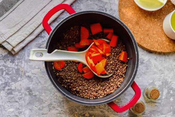 - Sluit vervolgens de pan goed af met een deksel, zet het vuur laag en kook 20-25 minuten verder. Boekweit moet al het water opnemen en klaar zijn.
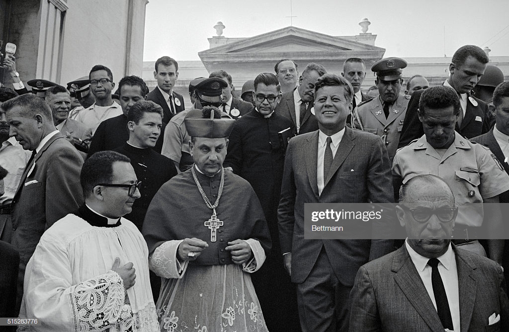 President Kennedy leaves a historic cathedral after attending Mass on St. Joseph’s Day, a national holiday in Costa Rica. His next appointment for the day is a meeting with presidents from several Central American nations. Accompanying Kennedy are Costa Rican President Francisco Orlich (right) and Archbishop Carlos Umberto Rodriguez Quiros.
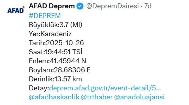 AFAD, merkez üssü Karadeniz olan depremin büyüklüğünü 3.7 olarak açıkladı. Saat 19.44’te meydana gelen deprem, İstanbul ve çevresinde de hissedildi.
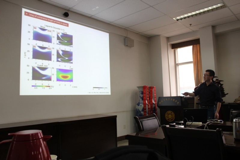 报告中,金成教授首先展示了如何利用二氧化碳分子高次谐波光谱中的极小值结构,并通过改变取向度或泵浦-探测角度来调控阿秒脉冲的波形。金成教授还介绍了利用环形光束在极端条件下产生近轴传播的高次谐波,在空间分离驱动激光与高次谐波光束,为高重复频率激光的应用提供有益的思路。最后,金成教授还报告了在涡旋飞秒激光驱动下极紫外波段内携带轨道角动量的原子高次谐波的模拟方法和相位匹配的产生机制。报告后,金成教授与师生进行了深入交流。

Work required:
Leave the pictures out, and reproduce only the lines from the line holding "President Kennedy leaves" through the last line of the material, both included.

Result of this task:
 President Kennedy leaves a historic cathedral after attending Mass on St. Joseph’s Day, a national holiday in Costa Rica. His next appointment for the day is a meeting with presidents from several Central American nations. Accompanying Kennedy are Costa Rican President Francisco Orlich (right) and Archbishop Carlos Umberto Rodriguez Quiros.
 AFAD, merkez üssü Karadeniz olan depremin büyüklüğünü 3.7 olarak açıkladı. Saat 19.44’te meydana gelen deprem, İstanbul ve çevresinde de hissedildi.
 报告中,金成教授首先展示了如何利用二氧化碳分子高次谐波光谱中的极小值结构,并通过改变取向度或泵浦-探测角度来调控阿秒脉冲的波形。金成教授还介绍了利用环形光束在极端条件下产生近轴传播的高次谐波,在空间分离驱动激光与高次谐波光束,为高重复频率激光的应用提供有益的思路。最后,金成教授还报告了在涡旋飞秒激光驱动下极紫外波段内携带轨道角动量的原子高次谐波的模拟方法和相位匹配的产生机制。报告后,金成教授与师生进行了深入交流。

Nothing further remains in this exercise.